Work to be completed
Search the records below for the string "Bangkalan" and copy each line where it turns up.

[Saved entries]
________________
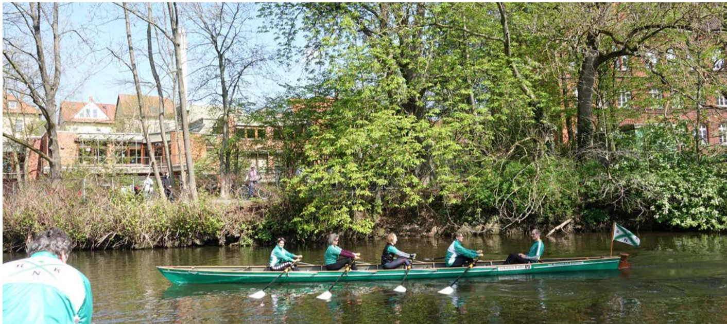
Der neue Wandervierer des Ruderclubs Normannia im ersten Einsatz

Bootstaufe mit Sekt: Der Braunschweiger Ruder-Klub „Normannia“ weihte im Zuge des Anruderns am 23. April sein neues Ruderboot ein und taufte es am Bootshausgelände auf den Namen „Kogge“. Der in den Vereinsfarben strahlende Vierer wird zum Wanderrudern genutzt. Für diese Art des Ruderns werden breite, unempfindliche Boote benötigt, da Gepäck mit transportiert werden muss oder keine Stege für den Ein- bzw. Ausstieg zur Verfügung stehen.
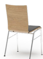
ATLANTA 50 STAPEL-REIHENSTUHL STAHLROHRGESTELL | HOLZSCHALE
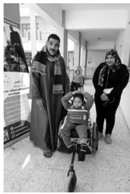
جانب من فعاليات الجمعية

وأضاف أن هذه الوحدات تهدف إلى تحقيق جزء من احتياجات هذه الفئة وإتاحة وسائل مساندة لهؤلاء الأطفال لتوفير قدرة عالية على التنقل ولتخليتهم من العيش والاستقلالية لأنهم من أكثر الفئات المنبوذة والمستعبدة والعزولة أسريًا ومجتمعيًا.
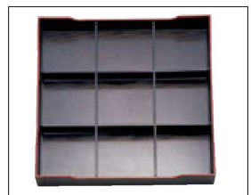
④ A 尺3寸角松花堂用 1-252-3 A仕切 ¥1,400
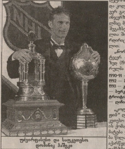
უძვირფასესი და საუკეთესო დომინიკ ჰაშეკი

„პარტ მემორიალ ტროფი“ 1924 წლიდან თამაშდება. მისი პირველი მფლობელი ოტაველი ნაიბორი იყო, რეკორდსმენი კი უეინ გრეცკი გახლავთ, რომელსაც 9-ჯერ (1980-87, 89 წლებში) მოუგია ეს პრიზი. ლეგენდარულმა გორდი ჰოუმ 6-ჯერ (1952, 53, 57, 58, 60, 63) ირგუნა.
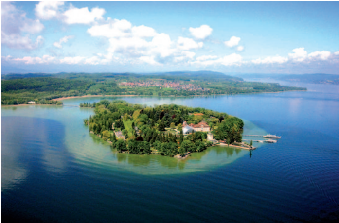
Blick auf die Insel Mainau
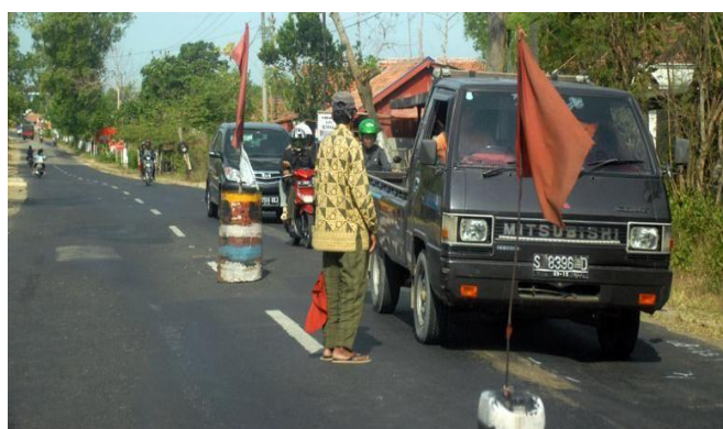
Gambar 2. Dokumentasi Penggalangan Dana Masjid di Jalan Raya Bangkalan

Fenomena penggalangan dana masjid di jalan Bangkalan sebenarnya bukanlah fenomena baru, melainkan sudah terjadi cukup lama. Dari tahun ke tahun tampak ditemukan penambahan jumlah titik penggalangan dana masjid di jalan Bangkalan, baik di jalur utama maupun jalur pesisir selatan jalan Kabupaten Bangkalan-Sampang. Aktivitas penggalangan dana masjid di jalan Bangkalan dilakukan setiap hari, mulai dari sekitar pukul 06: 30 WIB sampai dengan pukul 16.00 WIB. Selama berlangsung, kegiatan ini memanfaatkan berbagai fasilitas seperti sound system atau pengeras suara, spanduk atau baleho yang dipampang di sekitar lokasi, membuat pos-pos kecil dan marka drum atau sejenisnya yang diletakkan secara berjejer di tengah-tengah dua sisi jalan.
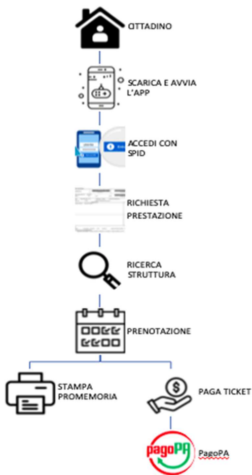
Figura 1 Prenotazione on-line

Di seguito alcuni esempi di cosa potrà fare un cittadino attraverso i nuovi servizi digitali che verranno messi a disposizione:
________________
Problem solution
Gambar 2. Dokumentasi Penggalangan Dana Masjid di Jalan Raya Bangkalan
Fenomena penggalangan dana masjid di jalan Bangkalan sebenarnya bukanlah fenomena baru, melainkan sudah terjadi cukup lama. Dari tahun ke tahun tampak ditemukan penambahan jumlah titik penggalangan dana masjid di jalan Bangkalan, baik di jalur utama maupun jalur pesisir selatan jalan Kabupaten Bangkalan-Sampang. Aktivitas penggalangan dana masjid di jalan Bangkalan dilakukan setiap hari, mulai dari sekitar pukul 06: 30 WIB sampai dengan pukul 16.00 WIB. Selama berlangsung, kegiatan ini memanfaatkan berbagai fasilitas seperti sound system atau pengeras suara, spanduk atau baleho yang dipampang di sekitar lokasi, membuat pos-pos kecil dan marka drum atau sejenisnya yang diletakkan secara berjejer di tengah-tengah dua sisi jalan.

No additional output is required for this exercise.